The largest ever mass extinction on earth may have been triggered by poisonous volcanic gas which erupted in Siberia 250 million years ago, according to a new research.

The largest ever mass extinction on earth may have been triggered by poisonous volcanic gas which erupted in Siberia 250 million years ago , according to a new research. This must have happened before dinosaurs came into existence, towards the Permian era's end, when over two-thirds of amphibians and reptiles were wiped out.

Possibilities like a deep sea methane release, an asteroid hitting the earth, or a greenhouse effect were contemplated by scientists as reasons for the mass extinction.

According to Discovery News, the eruption was the earth's biggest outpouring as the crust split and torrents of lava were released. They covered vast swaths of land in present-day Siberia and created the Siberian Traps, a large area of igneous rocks around the city of Tura.

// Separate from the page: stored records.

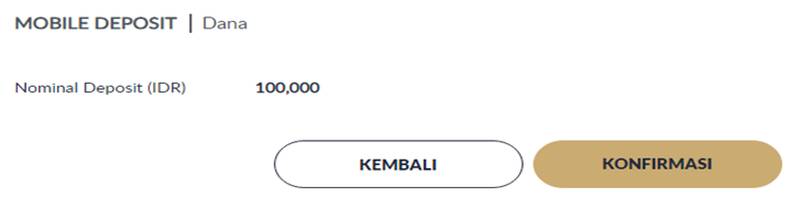 - Klik tab "DEPOSIT" → Klik "MOBILE DEPOSIT" → Klik "DANA".
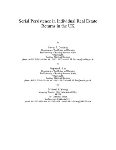 Devaney, S., Lee, S. and Young, M., (2004) Serial persistence in individual real estate returns in the UK. Working Papers in Real Estate & Planning. 13/04. Working Paper. University of Reading, Reading. pp32.
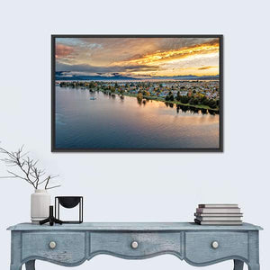 This serene landscape captures the tranquil beauty of Te Anau Lake in New Zealand, showcasing fluffy clouds and distant peaks. With its photorealistic style and a soothing palette of blues and oranges, this canvas print is perfect for enhancing any space with a touch of nature's calm.

New evidence for the volcanic gas hypothesis comes from a unique set of molecules preserved in rocks from the Dolomite mountains in Italy. Dating from the time of the extinction, the molecules are the remains of polysaccharides, large sugar-based structures common in plants and soil. The chemistry of the rocks revealed that although the polysaccharides are remains of marine sediments, they are derived from land, supporting the theory that a massive soil erosion resulting from destruction of land vegetation caused them to end up in the sea.

The excessive supply of soil materials to the oceans provides a direct link between terrestrial and marine ecological crises, suggesting that the ecosystem collapse on land could have contributed to the end-Permian marine extinctions.

The terrestrial ecosystem was the first to suffer. The continent-wide nature of the event implies that it was caused by something in the atmosphere, Sephton said. The soil crisis could have caused a worldwide expanse of uninhabitable low-oxygen conditions in shallow marine waters, a condition similar to the oxygen-depleted waters found today in the Gulf of Mexico's dead zone, said the researchers.